The amplification products were analyzed by agarose gel electrophoresis. The 1.5-kb band was excised, and the DNA was purified with an extraction kit (Boehringer, Mannheim, Germany) and subsequently ligated into the pCR 2.1 vector with the TA cloning kit (Invitrogen, Carlsbad, Calif.). Transformants were plated on dYT agar plates (1.6% tryptone, 1.0% yeast extract, 0.5% NaCl, 0.2% glucose, 1.5% Bacto Agar) containing the antibiotic ampicillin (100 μg ml−1), spread evenly with 40 μl of X-Gal (5-bromo-4-chloro-3-indolyl-β-d-galactopyranoside) (40 mg ml−1) and 40 μl of IPTG (isopropyl-β-d-thiogalactopyranoside) (100 mM), and incubated at 37°C overnight. Forty-eight white clones were picked on dYT agar plates for further examination. Plasmid DNA was extracted with the QIAprep-spin kit (Qiagen, Hilden, Germany). The presence of right-sized inserts was determined by linearization of recombinant plasmids with NotI followed by agarose gel electrophoresis.

16S rDNA sequencing.

16S rDNA clones were sequenced with a LICOR DNA 4000 automated sequencer (MWG-Biotech, Ebersberg, Germany). Cycle sequencing protocols of the chain termination technique (7) were applied according to the manufacturer’s instructions (Amersham-Buchler, Braunschweig, Germany) with infrared-dye-labeled primers.

Data analysis.

The sequences were added to the 16S rRNA sequence data base of the Technical University Munich with the program package ARB (22). The tool ARB EDIT was used for sequence alignment. The alignment was checked by eye and corrected manually. 16S rRNA-based phylogenetic trees were reconstructed based on distance matrix analyses of all available 16S rRNA primary structures of gamma, beta, and alpha Proteobacteria. Tree topologies were evaluated by performing maximum-parsimony, neighbor-joining, and maximum-likelihood analyses of the full data set and subsets. Only sequences that were at least 90% complete were used for treeing. Alignment positions at which less than 50% of the sequences of the entire data set shared the same residues were excluded from the calculations. Partial sequences were inserted into the reconstructed tree by applying the parsimony criteria without allowing changes in the overall tree topology.

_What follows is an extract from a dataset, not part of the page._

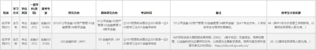 浙江大學(xué)2021年全日制金融專碩研究方向(01)01公司金融 02資產(chǎn)管理 03金融管理 04數(shù)字金融計(jì)劃招生48人研究方向(02)金融科技(iMF)計(jì)劃招生20人(不含推免)

Nucleotide sequence accession numbers.

The three almost full-length 16S rRNA sequences obtained have been deposited with EMBL (accession no. AJ001343 [NO4 and -10], AJ001344 [NO22], and AJ001345 [NO2 and -11]).

RESULTS

Enrichment.

Phase-contrast microscopy of the enrichment (Fig. 2A, C, and E) showed that the following two distinct morphotypes were abundant: (i) a phase-dense rod with a cell diameter of approximately 1.0 μm and a length of 2 to 3 μm forming star-like microcolonies and (ii) a thinner, slightly bent rod with cell dimensions of 0.7 by 3 to 4 μm. The fully developed two-dimensional flat rosettes typical for N. ramosa were not observed. However, numerous early stages of dichotomously branched microcolonies consisting of 2 to 4 cells could be seen. In these cells, spherical bodies of various diameters were also visible, as described by Famintzin (8).

FIG. 2.

FIG. 2

In situ hybridization of N. ramosa enrichment. Phase contrast (A, C, and E) and epifluorescence (B, D, and F) micrographs are shown for identical microscopic fields. (A and B) Probe ALF921 (CT labeled; red). (C and D) Probe NEV656 (CT labeled; red). (E and F) Simultaneous hybridization with probes NEV656 (CT labeled; red) and NAL657 (fluorescein labeled; green) distinguishes two populations of thin bent rods. Bar, 10 μm (all panels).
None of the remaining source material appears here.